TASK OBJECTIVE: Pictures stay out of the copy. Retype exactly the lines below from the one with "Audio JackBoth MacBook" through the one with "Beragam rekayasa lalu".

GIVEN ENTRIES:
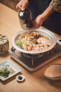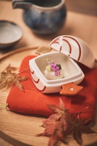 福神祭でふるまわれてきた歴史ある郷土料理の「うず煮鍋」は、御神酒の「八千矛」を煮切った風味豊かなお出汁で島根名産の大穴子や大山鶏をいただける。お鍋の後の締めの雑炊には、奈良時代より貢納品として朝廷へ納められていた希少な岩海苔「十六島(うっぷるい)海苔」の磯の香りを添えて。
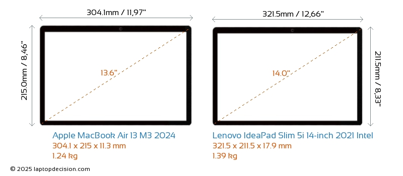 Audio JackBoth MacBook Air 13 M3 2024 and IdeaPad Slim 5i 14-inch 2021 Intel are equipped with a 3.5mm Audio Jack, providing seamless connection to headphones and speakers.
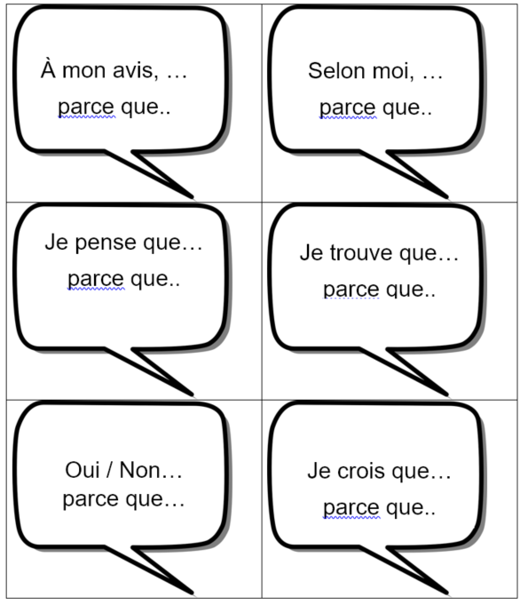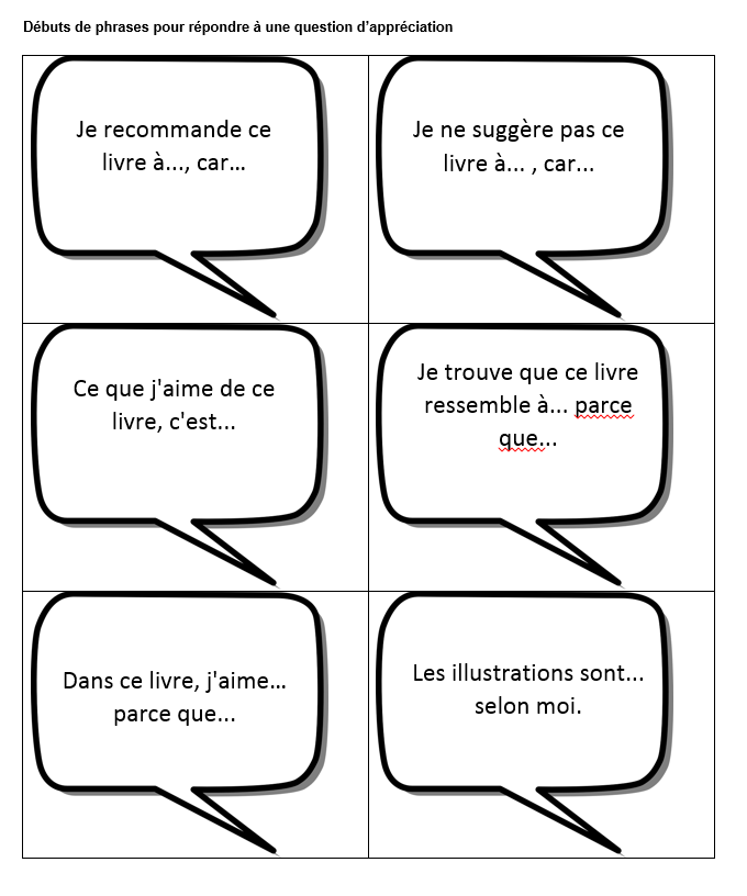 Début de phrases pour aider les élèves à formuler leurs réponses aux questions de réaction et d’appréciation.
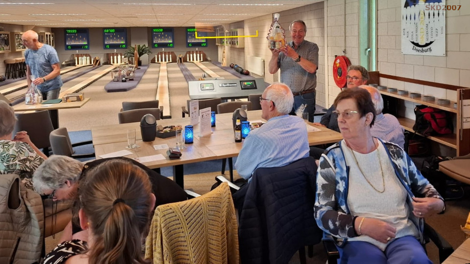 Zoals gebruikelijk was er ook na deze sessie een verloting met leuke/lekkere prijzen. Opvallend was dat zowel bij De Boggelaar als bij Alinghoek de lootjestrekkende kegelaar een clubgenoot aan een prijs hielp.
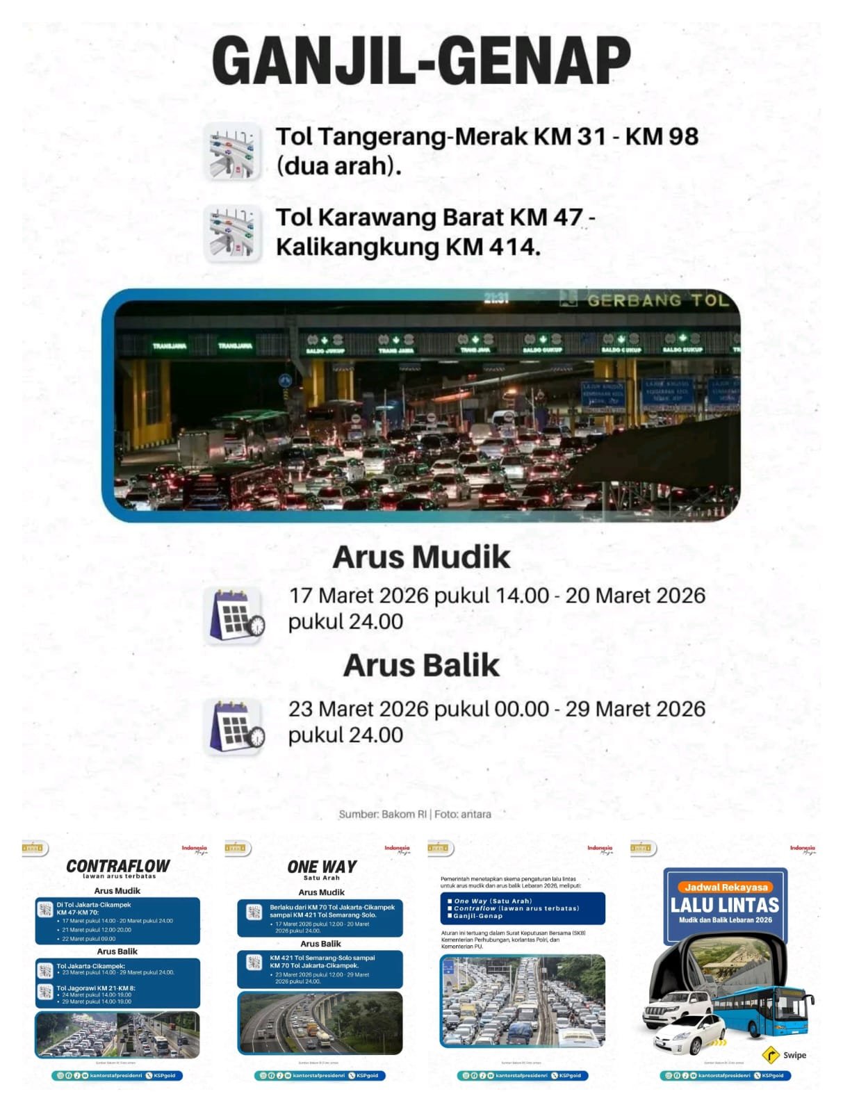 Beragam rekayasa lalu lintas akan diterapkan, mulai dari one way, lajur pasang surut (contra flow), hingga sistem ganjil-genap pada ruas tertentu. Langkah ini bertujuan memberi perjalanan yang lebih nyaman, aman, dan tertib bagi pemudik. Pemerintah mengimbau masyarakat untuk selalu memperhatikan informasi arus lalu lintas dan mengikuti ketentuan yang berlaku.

==

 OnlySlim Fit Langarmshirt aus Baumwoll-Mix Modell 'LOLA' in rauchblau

WRITTEN RESPONSE:
 Audio JackBoth MacBook Air 13 M3 2024 and IdeaPad Slim 5i 14-inch 2021 Intel are equipped with a 3.5mm Audio Jack, providing seamless connection to headphones and speakers.
 Début de phrases pour aider les élèves à formuler leurs réponses aux questions de réaction et d’appréciation.
 Zoals gebruikelijk was er ook na deze sessie een verloting met leuke/lekkere prijzen. Opvallend was dat zowel bij De Boggelaar als bij Alinghoek de lootjestrekkende kegelaar een clubgenoot aan een prijs hielp.
 Beragam rekayasa lalu lintas akan diterapkan, mulai dari one way, lajur pasang surut (contra flow), hingga sistem ganjil-genap pada ruas tertentu. Langkah ini bertujuan memberi perjalanan yang lebih nyaman, aman, dan tertib bagi pemudik. Pemerintah mengimbau masyarakat untuk selalu memperhatikan informasi arus lalu lintas dan mengikuti ketentuan yang berlaku.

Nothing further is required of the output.